“Clean” Rwanda, Part 2
By Perry Beeman | October 09, 2009 | Rwanda
Earlier in my five-week trip to Rwanda, I blogged about the surprising cleanliness of this east African country. No illegal dumping in sight. Clean streets in the cities, with women sweeping the curbs with brooms. Litter rare. A mandatory fourth-Saturday monthly cleanup sends all adults, including President Paul Kagame, out to spruce things up for four hours.
There are some things that aren’t clean here: The air and the waterways.
First, the air. As I write this, I am in Kigali, the capital city. This is the third or fourth time I’ve returned to Kigali after traveling the rural areas. There is a thick haze over the city, and, for the first time, I’ve having trouble breathing. (Well, OK, a couple of mountain hikes did a nice job of taking my breath away, too, in more ways than one.) My eyes and nose are burning, and my lips taste like smoke. I have some allergies, so maybe I’m more susceptible than some, but I didn’t have this reaction even in Mexico City, one of the world’s air-pollution capitals.
Someone is always burning wood in Rwanda, and the smoke hangs in the many valleys between the famous “thousand” hills. So even in the rural areas, the sky tends to be hazy. Vehicles in Kigali – four-wheel-drive trucks are a staple as are motorcycles that are used as taxis for the not-so-faint of heart — often appear as though someone stole the tailpipes. Thick, black smoke comes out as though the vehicles are burning oil, not gas.
A good share of the haze undoubtedly comes from the burning of eucalyptus trees (and other species) for charcoal. And many families then burn the charcoal to boil water and cook the starchy staples that fuel these hard-working people out in the fields all day.
Then, there are the waterways. Go to Starbucks and buy a nice, expensive black coffee (and ask if it’s the primo stuff that company now buys from Rwanda, a wonderful source of fine coffee beans). Add several ounces of milk. That’s about what the rivers look like here. I have never seen so much silt. I wonder how some of the streams run at all. Compared to the brown and red soils washing from Rwanda’s largely plowed hills, Iowa’s chemically challenged streams look like they are ready for the U.S. government’s “wild and scenic” label. And, yes, the Rwandans drink this stuff, and wash their clothes in it. The lucky ones get water that runs down from the mountains rather than over fields planted with beans, maize, cassava, bananas, and potatoes.

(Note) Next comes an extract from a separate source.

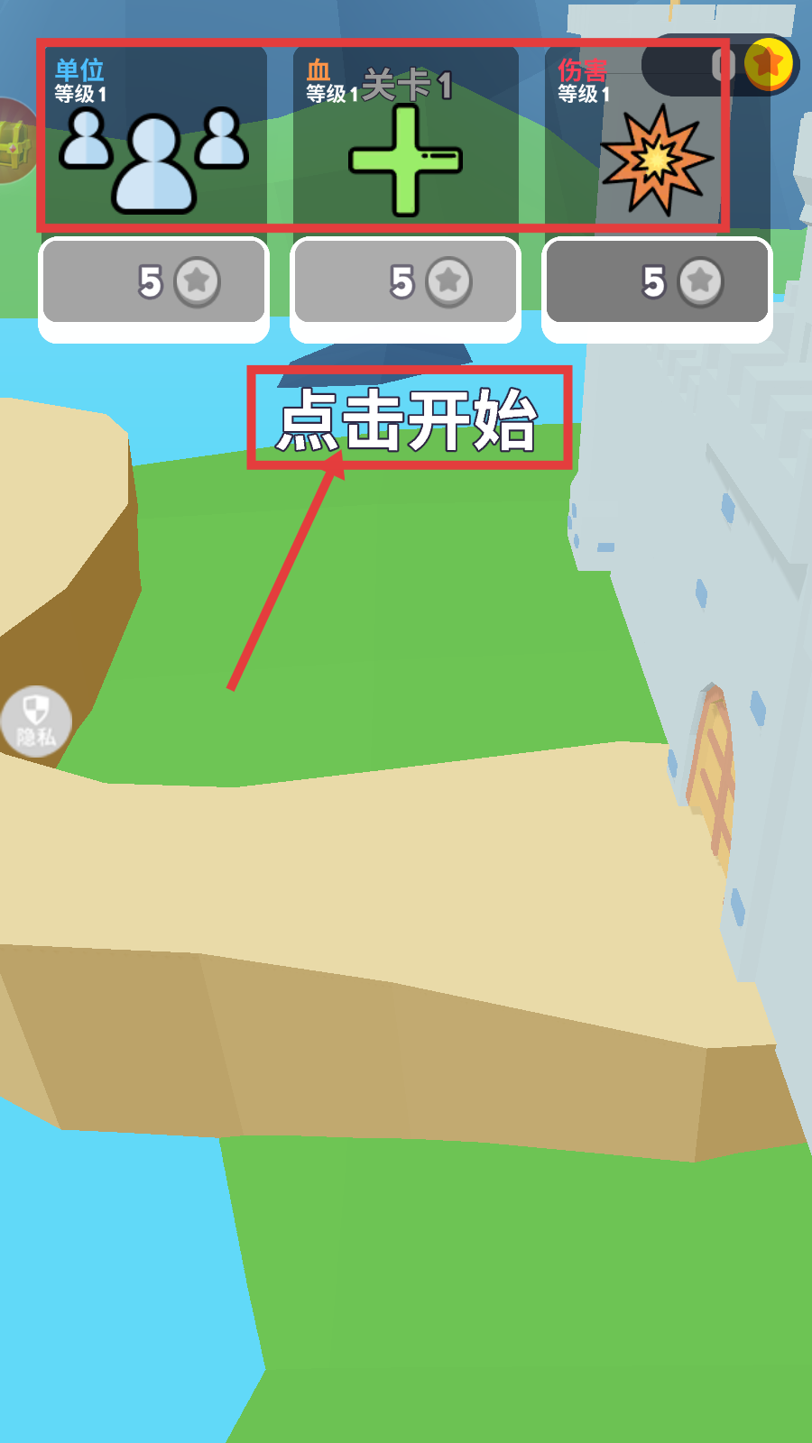 1、进入游戏后,确认【单位-等级1】【血-等级1关卡1】【伤害-等级1】均为5星,点击【点击开始】开启关卡1冒险。

Some villages have large storage structures for the water, which would allow some of the sediment to fall out. Cities have some kind of treatment, though I don’t have a good feel for how elaborate it is. No one drinks tap water without boiling it here. Bottled “Source du Nil” water is everywhere.
Lake Kivu in northwestern Rwanda has a resort feel on the border between Rwanda and Democratic Republic of Congo, and even some nice beaches. But many avoid swimming there because of parasites in the water and lingering concern over methane leaking from a big bubble under the lake, formed by volcanic activity. (That methane is fueling electricity generation now.)
The Rwandan government is pushing for a new economy based less on agriculture and more on finance, handicrafts, computers, tourism and other service industries. It also is encouraging people to live in villages to make it easier to offer electricity and water service, still spotty here. Both efforts have the potential to clean waterways, if the hills turn to forest again, though more villages could mean more concentrated areas of burning.
Kagame is an Africa leader on climate change issues; he addressed the United Nations and other organizations in the United States in recent days. Land is in critically short supply in Rwanda, but His Excellency has committed to tailored reforestation projects. Those could help air quality in addition to sweeping carbon from the sky.
By Africa standards, Rwanda overall is an incredibly clean place. Challenges remain.